What the exercise asks: Check each line of the material below for "creating", then copy the ones that contain it.

● ● ●

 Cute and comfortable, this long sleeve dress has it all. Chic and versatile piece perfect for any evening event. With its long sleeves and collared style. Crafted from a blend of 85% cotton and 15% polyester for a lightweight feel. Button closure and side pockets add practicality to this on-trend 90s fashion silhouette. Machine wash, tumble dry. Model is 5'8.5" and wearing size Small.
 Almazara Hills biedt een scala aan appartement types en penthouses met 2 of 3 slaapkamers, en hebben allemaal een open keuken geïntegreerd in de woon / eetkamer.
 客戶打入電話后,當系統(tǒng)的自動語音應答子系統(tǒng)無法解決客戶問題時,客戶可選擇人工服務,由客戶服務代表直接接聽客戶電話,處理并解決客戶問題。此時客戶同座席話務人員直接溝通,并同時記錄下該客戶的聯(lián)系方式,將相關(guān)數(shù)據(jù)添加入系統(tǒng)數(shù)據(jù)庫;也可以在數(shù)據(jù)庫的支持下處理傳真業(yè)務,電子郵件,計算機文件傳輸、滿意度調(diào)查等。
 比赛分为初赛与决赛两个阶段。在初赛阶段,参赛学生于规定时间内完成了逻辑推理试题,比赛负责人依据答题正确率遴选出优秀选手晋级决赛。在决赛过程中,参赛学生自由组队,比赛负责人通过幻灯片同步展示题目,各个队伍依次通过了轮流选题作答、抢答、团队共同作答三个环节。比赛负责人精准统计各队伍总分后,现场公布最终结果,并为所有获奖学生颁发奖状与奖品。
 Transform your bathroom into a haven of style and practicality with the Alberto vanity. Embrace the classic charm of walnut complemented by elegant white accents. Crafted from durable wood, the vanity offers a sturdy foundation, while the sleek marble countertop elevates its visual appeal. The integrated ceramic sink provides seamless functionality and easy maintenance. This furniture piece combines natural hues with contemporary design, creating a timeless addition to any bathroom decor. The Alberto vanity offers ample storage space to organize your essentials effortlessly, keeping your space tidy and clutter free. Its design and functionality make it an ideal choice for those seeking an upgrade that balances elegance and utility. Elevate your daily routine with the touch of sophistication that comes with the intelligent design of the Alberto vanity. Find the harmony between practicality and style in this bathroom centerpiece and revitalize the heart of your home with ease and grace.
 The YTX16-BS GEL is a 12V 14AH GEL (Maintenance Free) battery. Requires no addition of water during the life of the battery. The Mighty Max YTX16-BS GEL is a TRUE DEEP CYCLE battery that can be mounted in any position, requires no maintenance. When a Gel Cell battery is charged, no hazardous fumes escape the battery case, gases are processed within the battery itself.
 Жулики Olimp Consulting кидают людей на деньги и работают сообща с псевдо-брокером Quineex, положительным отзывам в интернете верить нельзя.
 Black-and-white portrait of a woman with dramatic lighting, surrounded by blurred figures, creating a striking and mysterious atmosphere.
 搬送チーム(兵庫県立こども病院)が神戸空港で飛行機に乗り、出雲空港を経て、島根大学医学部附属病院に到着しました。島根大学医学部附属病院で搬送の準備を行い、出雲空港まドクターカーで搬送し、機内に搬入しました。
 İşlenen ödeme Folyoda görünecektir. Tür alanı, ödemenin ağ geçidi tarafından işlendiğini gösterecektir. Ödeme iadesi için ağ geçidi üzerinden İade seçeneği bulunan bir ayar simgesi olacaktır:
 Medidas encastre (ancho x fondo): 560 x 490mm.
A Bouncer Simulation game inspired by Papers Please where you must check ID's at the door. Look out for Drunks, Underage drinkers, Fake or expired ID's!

● ● ●

Answer to this task:
 Transform your bathroom into a haven of style and practicality with the Alberto vanity. Embrace the classic charm of walnut complemented by elegant white accents. Crafted from durable wood, the vanity offers a sturdy foundation, while the sleek marble countertop elevates its visual appeal. The integrated ceramic sink provides seamless functionality and easy maintenance. This furniture piece combines natural hues with contemporary design, creating a timeless addition to any bathroom decor. The Alberto vanity offers ample storage space to organize your essentials effortlessly, keeping your space tidy and clutter free. Its design and functionality make it an ideal choice for those seeking an upgrade that balances elegance and utility. Elevate your daily routine with the touch of sophistication that comes with the intelligent design of the Alberto vanity. Find the harmony between practicality and style in this bathroom centerpiece and revitalize the heart of your home with ease and grace.
 Black-and-white portrait of a woman with dramatic lighting, surrounded by blurred figures, creating a striking and mysterious atmosphere.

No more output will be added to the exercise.